Task brief =
Using the listing below, copy exactly each line from the one that has "近日,省數據局公示了2023" through the one that has "Fig.1: Cell Surface"; omit the pictures.

Material shown =
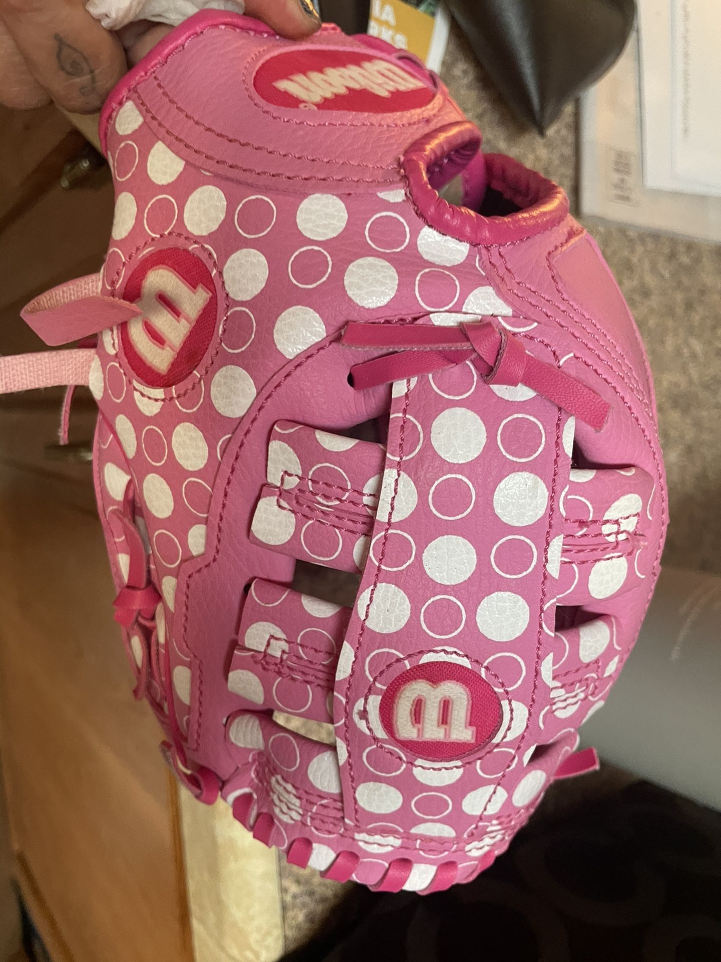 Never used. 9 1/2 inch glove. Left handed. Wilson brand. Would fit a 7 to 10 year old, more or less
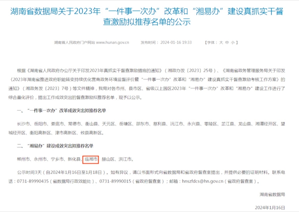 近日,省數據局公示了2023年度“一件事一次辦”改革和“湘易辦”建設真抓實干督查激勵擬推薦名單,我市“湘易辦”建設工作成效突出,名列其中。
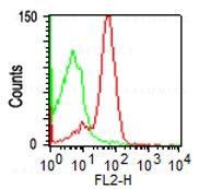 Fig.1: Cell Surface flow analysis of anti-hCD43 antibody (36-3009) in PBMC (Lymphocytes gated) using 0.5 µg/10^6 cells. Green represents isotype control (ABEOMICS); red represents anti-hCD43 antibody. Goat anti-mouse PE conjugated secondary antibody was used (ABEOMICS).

* * *

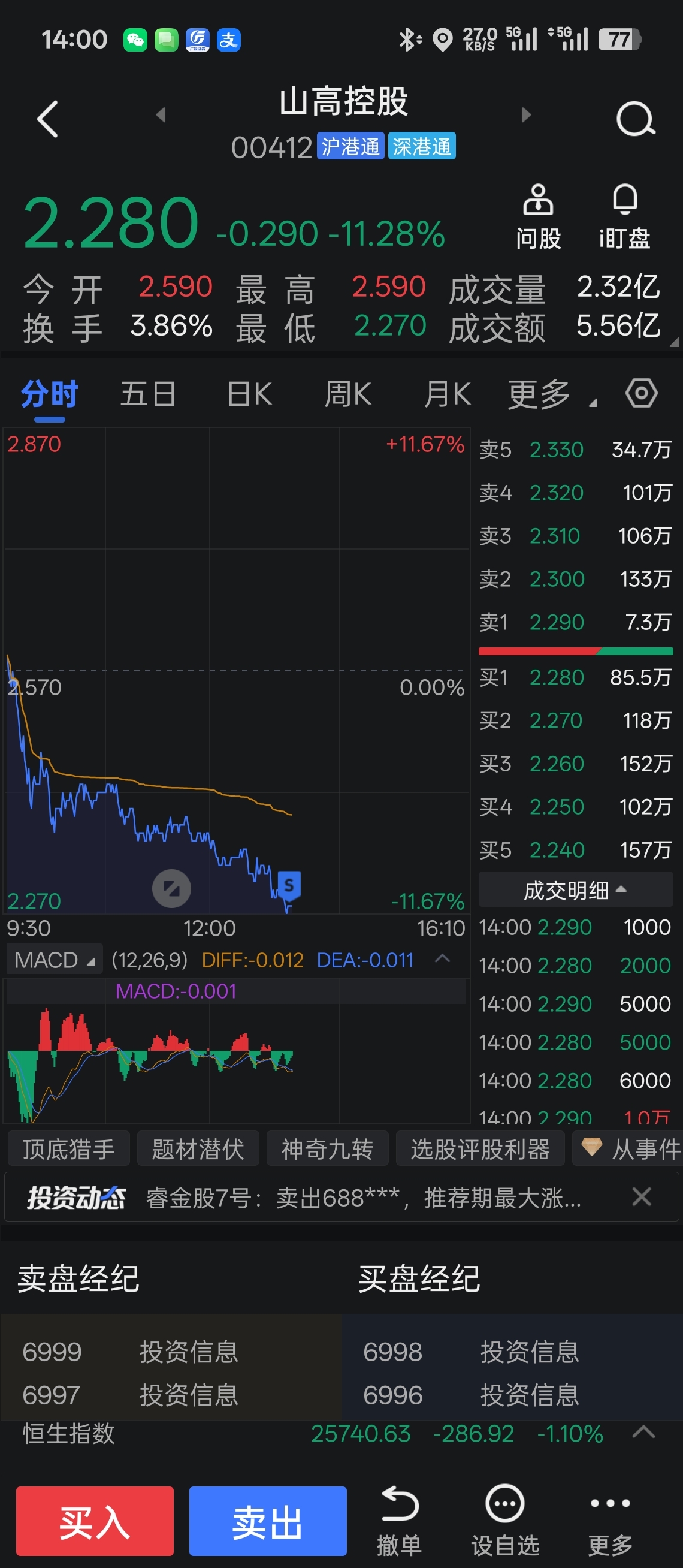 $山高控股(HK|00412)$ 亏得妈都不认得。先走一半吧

Reply =
 近日,省數據局公示了2023年度“一件事一次辦”改革和“湘易辦”建設真抓實干督查激勵擬推薦名單,我市“湘易辦”建設工作成效突出,名列其中。
 Fig.1: Cell Surface flow analysis of anti-hCD43 antibody (36-3009) in PBMC (Lymphocytes gated) using 0.5 µg/10^6 cells. Green represents isotype control (ABEOMICS); red represents anti-hCD43 antibody. Goat anti-mouse PE conjugated secondary antibody was used (ABEOMICS).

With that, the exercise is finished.